Vulnerability disclosure policy is an agreement between the organization and the freelance agent, outlining the ways and methods for reporting discovered vulnerabilities and exploits.
It also creates a direct channel between organizations and ethical hackers to share information and fix the security holes. Plus, it limits the news to a smaller circle of people. Such an approach is much more efficient and safer than posting the found exploit on social media, where many people could take advantage. Besides, it creates a safe space for the organization and gives them time to resolve any of the issues found.
On the other end, it informs the ethical hacker that he shouldn't fear prosecution. Not all organizations welcome these testing methods. Some view this as a form of attack regardless of context.
Many leading companies like Alibaba, Apple, Intel, Oracle, Visa, and Western Union have implemented a vulnerability disclosure policy.

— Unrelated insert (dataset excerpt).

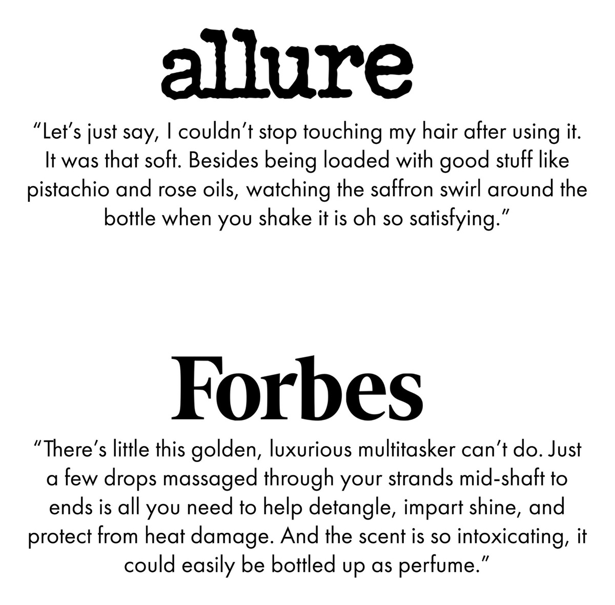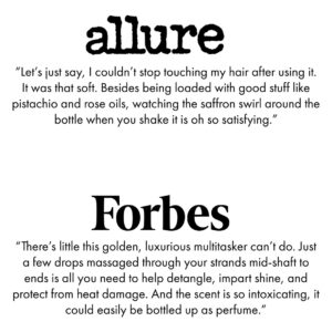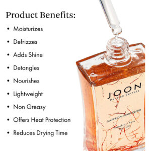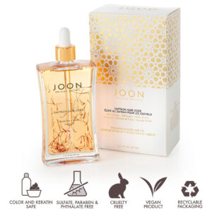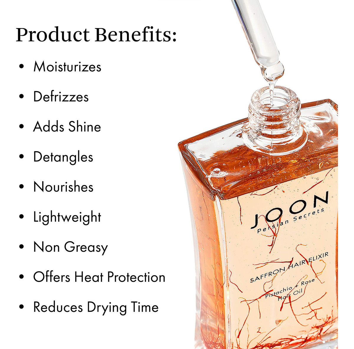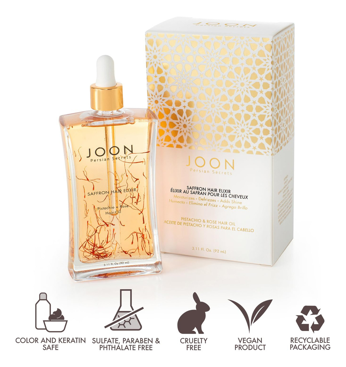 Joon é uma linha de tratamento capilar que combina segredos persas antigos com química moderna para cabelos saudáveis. Um óleo de cabelo leve e de rápida absorção que hidrata e desembaraça para um cabelo brilhante e sem frizz. Hidrata, desfriza, dá brilho, desembaraça, formulação leve. Coloque algumas gotas na mão, esfregue as mãos e distribua uniformemente o produto no meio do eixo e nas pontas. Os persas usam açafrão, pistache e rosa em rituais de beleza há séculos. O açafrão, um tempero que vale mais do que seu peso em ouro, é usado para fortalecer o cabelo. O pistache promove ácidos graxos, proteínas e vitaminas que nutrem e hidratam para um cabelo macio e elástico. Adorada na poesia e na arte persas, a rosa é usada há muito tempo para ajudar na reparação do cabelo. Esses ingredientes exclusivos, agora combinados com a química moderna, dão um impulso potente ao cabelo. – Hidrata e desfriza – Dá brilho e desembaraça – Oferece proteção térmica e reduz o tempo de secagem

The bounties they pay out to ethical hackers pale in comparison to the reputation and revenue losses that would haunt them should unethical hackers get their hands on the same exploits.
Bug bounty programs
Bug bounty programs are a method to compensate ethical hackers that report their vulnerability findings. They also prevent disruption of the service because the business has time to patch out the found exploits. This also makes black hat hacking less appealing because it can be more beneficial to cash in on the bounties rather than end up in jail if you get caught. Plus, individuals who want to be challenged by top-grade security systems get a constructive outlet for their hacking skills.
Such programs have quickly found their way into the private sector. But government institutions around the globe are also catching up. Even the United States Department of Defense is allowing their IT infrastructure to be tested with payouts for vulnerabilities found. There's a noticeable shift from threatening white hat hackers towards encouraging them. There are also different grades of exploits. The more extreme vulnerabilities will yield more significant rewards than smaller bugs. There are online communities that connect freelance penetration testers and hackers like HackerOne.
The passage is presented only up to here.